Plans to Redevelop Former Aylesbury FC Ground Submitted

DLP Planning Ltd., on behalf of GPS Estates Ltd., has submitted an outline application to Buckinghamshire Council to redevelop the abandoned former Aylesbury FC ground for the development of a new sustainable, residential neighbourhood, including public open space, riverside greenspace and landscape improvements.

A key feature of the development, as master-planned by BE1 Architects is the proposed land raising, removing the area to be developed for housing from the floodplain and incorporating sustainable drainage features that will ensure flood risk is not increased off-site.

Adopting the vision of the draft Aylesbury Garden Town Masterplan, the proposal includes around half of the site as new public open space, with a new walkway planned to improve community access to this section of the River Thame. The proposals embrace the site’s riverside location, retaining and enhancing this green corridor with native planting, protection of the many mature trees, and new bird and bat boxes to facilitate biodiversity net gains across the site.

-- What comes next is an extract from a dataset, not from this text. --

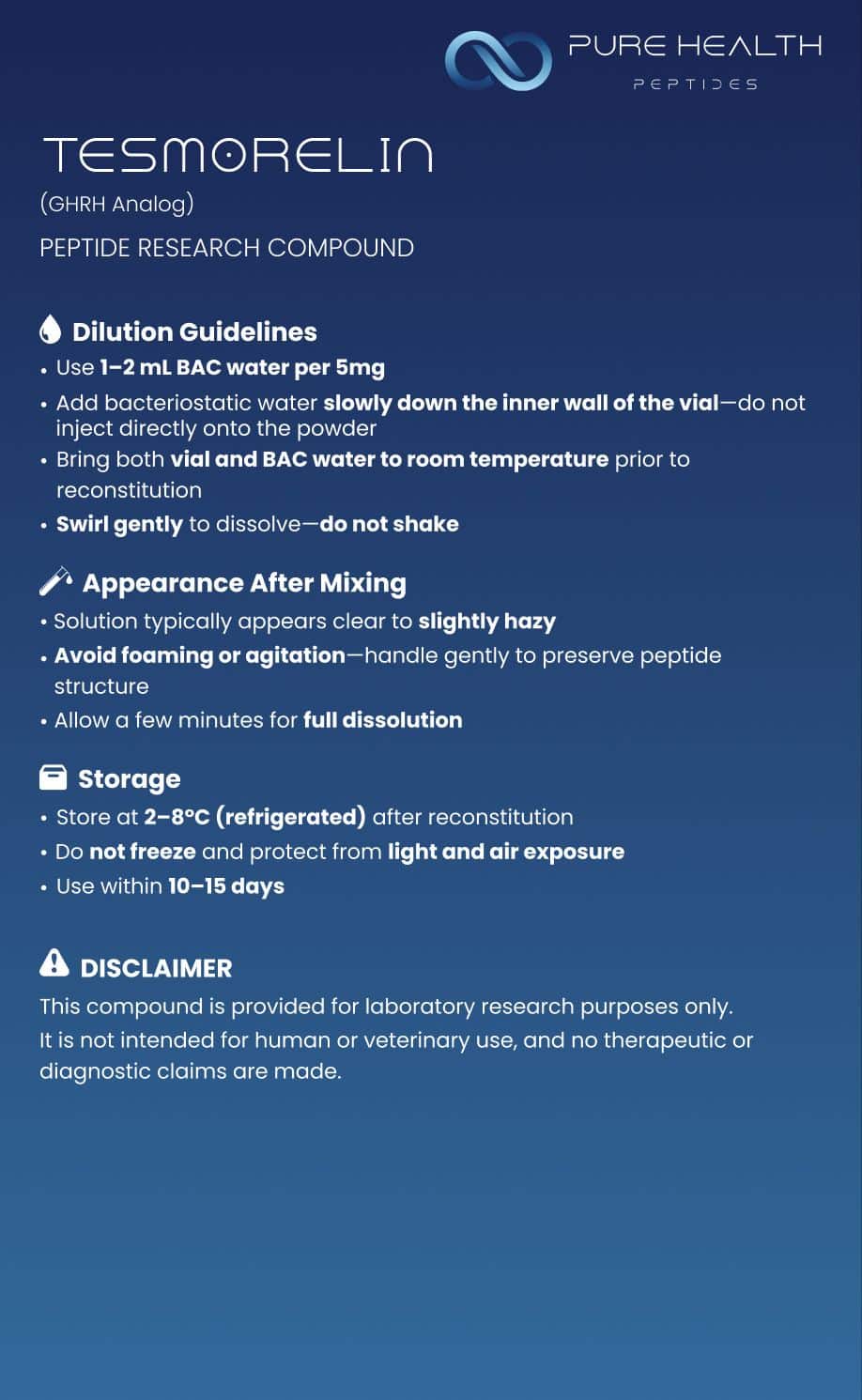 This product is not a drug, food, cosmetic, or dietary supplement and has not been evaluated by the FDA. It is strictly intended for in vitro research by qualified professionals. Any use in humans or animals is strictly prohibited and may violate federal, state, or local laws, including the Federal Food, Drug, and Cosmetic Act. No therapeutic or diagnostic application is implied or permitted. The purchaser assumes all responsibility for compliance with applicable regulations. By purchasing this product, the buyer represents and warrants that it will be used solely for in vitro research purposes and acknowledges that Pure Health Peptides maintains internal policies intended to support research-use-only sales.

While not a formal consideration at this stage, the proposal has been designed around delivering a mix of house sizes and types, including new affordable homes, in a walkable neighbourhood design. Soft landscaping features and a new pond incorporated as part of the drainage strategy will blend the development into the site and surrounding area and create interesting features around the site for residents and visitors alike.

The application is due for determination in late December 2020.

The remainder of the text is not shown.